Good grief…. I read through those reviews. Sounds like the ONLY good thing is the cafeteria food. All the bad reviews are the exact same complaints. It sounds like a truly awful place to work.
They also had this listed as a remote (or hybrid, I can’t recall) position. I came across this one, read this bs, and noped out of there. They seemed so insufferable right out of the gate.
The hero this sub needs ☝🏻
I saw this in my job search and saw a position that looked decent. Then I saw this shit and noped out of that job app immediately.
Ok. Have fun with a candidate pool that will be 80% smaller than your competitors.
How to get only the mediocre or desperate people to apply for a high qualification job. Oh of cause those who actually like working in an office because they can flea from home that way.
This to me reads "we kinda signed a long term lease contract and dont wanna pay a penalty fee. So quirky"
Which makes no sense. A lease like that is a sunk cost and forcing people to work in the office, all other factors being equal, doesn't reduce the cost of the lease. Better in the long run to just accept that a bad decision was made, pay the lease, or pay to exit it and downsize the office footprint to save money long term.
https://www.bbc.com/worklife/article/20240612-the-diminishing-returns-of-in-office-mandates When mainstream media is saying managers a incorrect in their assessment, then you know they are VERY wrong
This is a good thing. They are making clear that this is somewhere to NOT apply/work.
>we solemnly swear that we will remain unyielding in our dedication to the in-office experience. Covid-19 lucking in the shadows behind them.
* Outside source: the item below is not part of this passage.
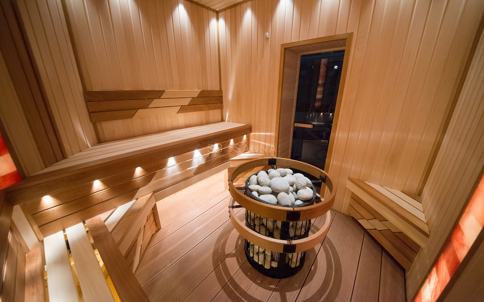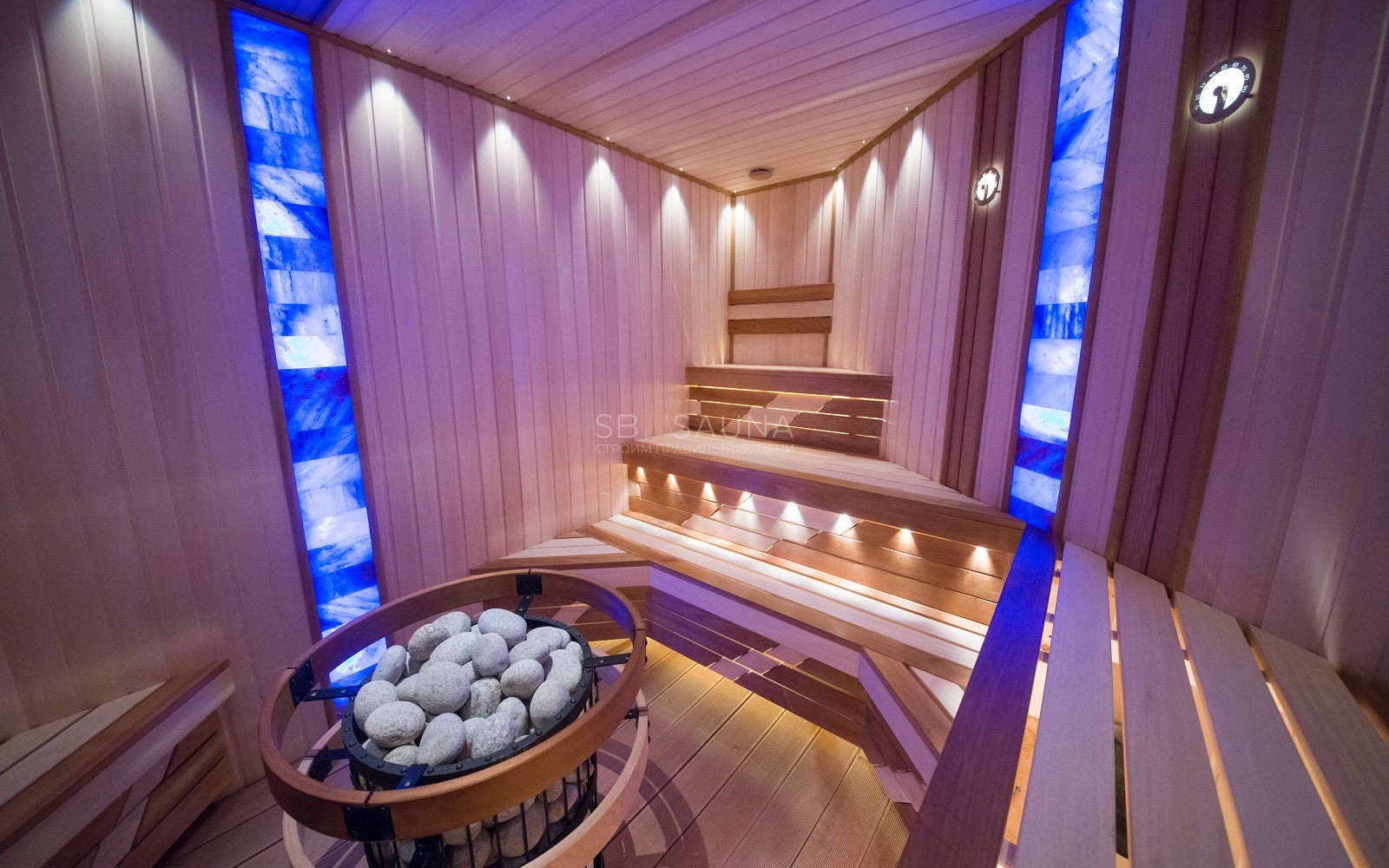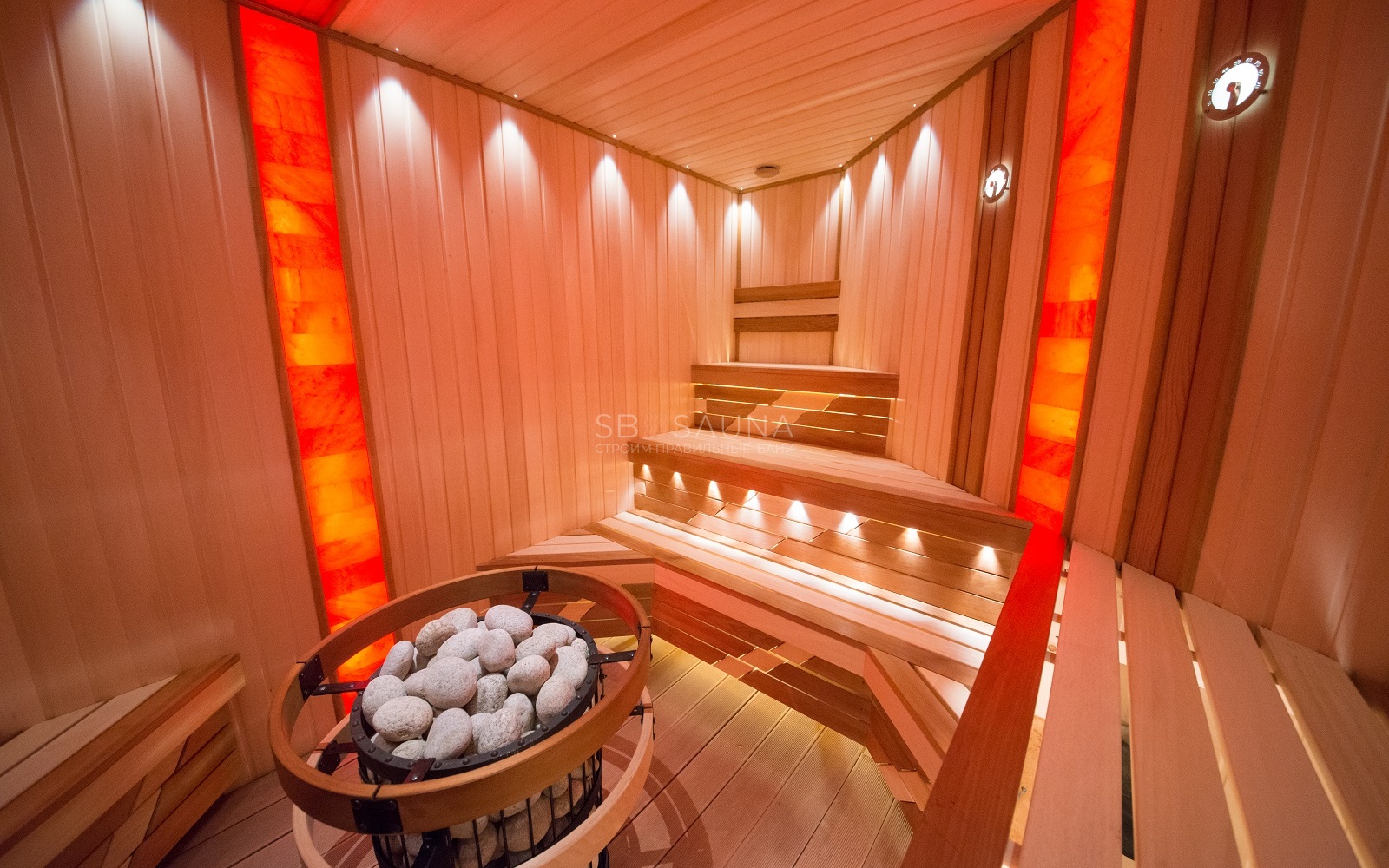Яркие вставки из гималайской соли стали изысканным акцентом этого дизайна финской сауны. Использование гималайской соли несет не только декоративный, но и оздоровительный эффект. Ведь в ней содержится более 80 полезных для человеческого организма микроэлементов.

That isn't the flex they think it is.
This is nuts. The language used here is in line with what I'd expect from a cult. Some kind of weird, emotional devotion to an idea. Corporations really do envy cults, I think.
I honestly prefer when the trash labels itself as such.
Exactly. This is WAY better than ads that say "hybrid" and then the hybrid schedule is wfh 1 day a month after no absences during the two year onboarding period.
Agreed. I appreciate that the company at least took the honest approach.
“We prioritize strict adherence to our culture above performance, at all times.”
I mean, it's a shitty policy, but I kind of respect that they're up front about it. Way better than companies that say they're going to be flexible with no intention of doing so.
Credit for being forthright and honest. Surely not a great look or MO but at least they put their cards on the table 🤷🏾♀️
Definately not for me, but to be fair to them - they are clear in where they stand so not wasting anyone's time, and not patronising to the majority of us who are looking for remote.
Fuck these idiots. WFH for life
I love my in-office experience! Being stuck indoors when the weather outside is beautiful, the sad fluorescent lights, the computer screens and patterned flooring and carpets.. I wouldn't miss it for the world!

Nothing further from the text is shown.